SUPPLIED RECORDS:
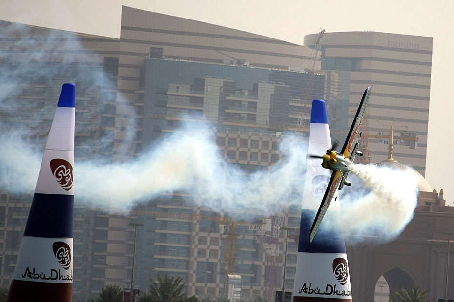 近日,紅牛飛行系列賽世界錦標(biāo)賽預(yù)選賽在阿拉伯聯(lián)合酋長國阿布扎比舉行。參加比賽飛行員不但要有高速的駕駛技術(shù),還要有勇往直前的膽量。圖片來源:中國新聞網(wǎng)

...

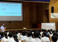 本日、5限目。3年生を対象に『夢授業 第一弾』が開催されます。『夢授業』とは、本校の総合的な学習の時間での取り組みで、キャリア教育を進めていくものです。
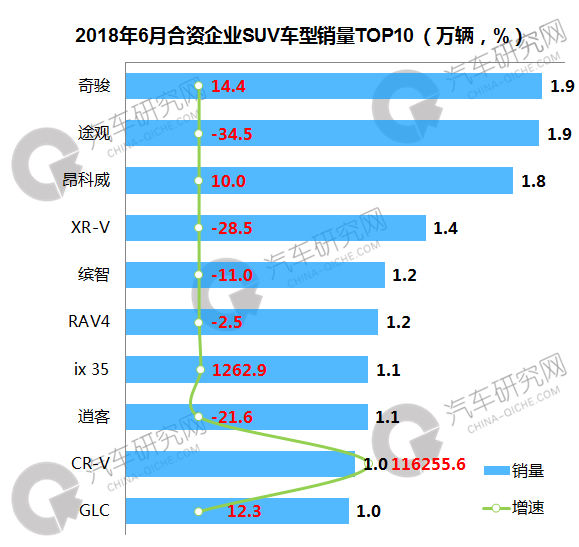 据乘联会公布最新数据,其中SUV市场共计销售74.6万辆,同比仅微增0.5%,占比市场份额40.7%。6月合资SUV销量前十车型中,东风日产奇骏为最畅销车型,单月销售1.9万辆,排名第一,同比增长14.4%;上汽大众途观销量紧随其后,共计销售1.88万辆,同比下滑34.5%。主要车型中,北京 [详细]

AIM OF THE TASK:
Above is the material; set down exactly its lines from the one containing "本日、5限目。3年生を対象に" down to the one containing "据乘联会公布最新数据,其中S", both included, leaving out any pictures.

EXERCISE SOLUTION:
 本日、5限目。3年生を対象に『夢授業 第一弾』が開催されます。『夢授業』とは、本校の総合的な学習の時間での取り組みで、キャリア教育を進めていくものです。
 据乘联会公布最新数据,其中SUV市场共计销售74.6万辆,同比仅微增0.5%,占比市场份额40.7%。6月合资SUV销量前十车型中,东风日产奇骏为最畅销车型,单月销售1.9万辆,排名第一,同比增长14.4%;上汽大众途观销量紧随其后,共计销售1.88万辆,同比下滑34.5%。主要车型中,北京 [详细]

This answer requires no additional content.